Real Estate And The Pandemic: Where Do We Go From Here?

Where do we go from here? Are you itching for some post-pandemic real estate investing?

The pandemic created significant economic distress overall, nationwide and globally.

Coming to the rescue, the federal government decided to print somewhere in excess of $20 trillion. This $20 trillion papered over some of this distress but somehow kept the music playing. They were anticipating that there was going to be a lot more distress, but then it just kind of didn’t happen. This national debt will play a huge part in what to expect in future real estate investing, so where do we go from here?

 

The market is not as distressed as once feared.

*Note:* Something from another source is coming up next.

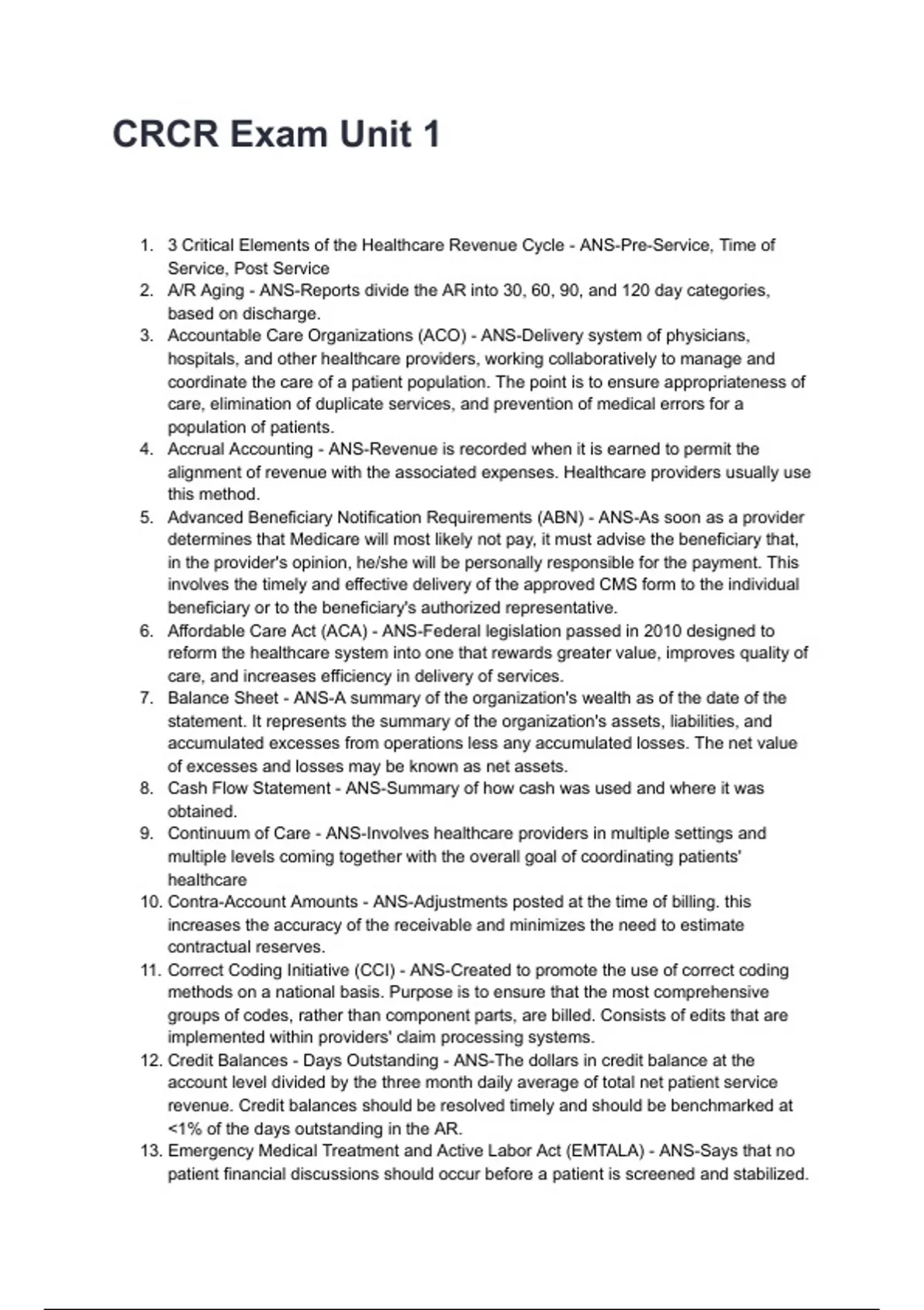 6. Affordable Care Act (ACA) - ANS-Federal legislation passed in 2010 designed to

So now there’s a lot of money floating around and investors are waiting to pounce on deals. With that amount of money, I don’t see that there’s going to be a whole lot of significant distress in the market. What we’re seeing now is people with assets who thought they were in trouble got the reprieve, and now they’re starting to come back out onto the market again as there are opportunities for closing the deal. 

 

 

My call for 2022.

There’s going to be a real opportunity to be selective. Buy some assets! Buy hotels or buy retail buildings. Multifamily and industrial are typically the  “darlings” of the real estate world and even though they didn’t see much impact through the pandemic, for me, the fact that everybody’s jumping in on multifamily and piling in on industrial makes it less appealing because those are the people who are willing to take lower profit margins. For us, the way we look at things, in general, is by a price discount to the actual intrinsic value.

 

The future is brighter!

There are going to be some repositioning opportunities. We may have the roaring twenties and a hundred years later, an even greater recession coming down the pipeline. But as of right now, it seems like anything that is a solid asset is positioned to be somewhat favorable, as long as you can pay your debt service and transition from that time period.

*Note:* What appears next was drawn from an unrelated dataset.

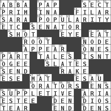 ACROSS 1. Swedish rock group 5. Infant food 8. Religious group 12. Demure 13. _ tizzy (2 wds.) 14. Of or pertaining to a thread or threads 15. "Two Mules for Sister ____" 16. Teen's desire 19. And so on (abbr.) 20. Legislator 21. Went for two points 23. Sight organ 24. Consume 27. Carrot, for example 30. Connecting point 31. Seem 34. Singles 35. Role in a play 38. Stories 40. Is not 41. Double curve, resembling the letter S 42. Chalkboards 44. Post 45. Libertine 46. Compass dir. 47. Floor protector 50. Son of Isaac 53. Speakers 57. Followers of ems 59. Supplementary 63. Operatic vocal solo 64. First name in cosmetics 65. Lair 66. "Vaya con ____" 67. Rend 68. Conclusion 69. Lairs DOWN 1. Domed church section 2. Naughty children 3. A tree used for making furniture 4. Wet nurse (var.) 5. Corncob 6. At once, immediately (arch.) 7. Dad 8. Title for a knight 9. Biblical high priest 10. Domesticated feline 11. Attempt 14. Conductor's collection 17. Shoshoni 18. Myrna of the movies 20. Cease 22. Declaimed 24. Immeasurably long periods of time 25. Arabian gulf 26. Trial 28. Elect 29. Beverages made from leaves 30. Annoying sounds 32. Everything 33. Located in or toward the back 35. Introduce or present, as a question 36. Grows older 37. French philosopher Descartes 39. R.R. building 43. Supplements with great effort 47. Undercover agent 48. "We ___ not amused" (Victoria) 49. Make lace 51. Nest on high 52. The state of being joined or united 54. Periodic rise and fall of the sea level 55. Baking chamber 56. Tear apart 58. Backtalk 59. Put into a specified state 60. Purpose 61. Parent Teacher Association (abbr.) 62. For each 63. Increase

As I said before, the pandemic triggered a lot of liquidity and I believe it’s actually going to prime the inflation growth of solid assets and to round that out, I think it also triggered low-interest rates for a prolonged period. Two years ago, I had bigger concerns that interest rates were going to go up 5%, 6%, 7%  so that they could curb down these inflationary pressures. Well now, with the $20 trillion printed and having to pay that back at the interest rates that they control, they’re not going to necessarily raise interest rates.

Want to learn how to take advantage of these real estate opportunities? Check out my book Catching Knives: A Guide to Distressed Commercial Real Estate.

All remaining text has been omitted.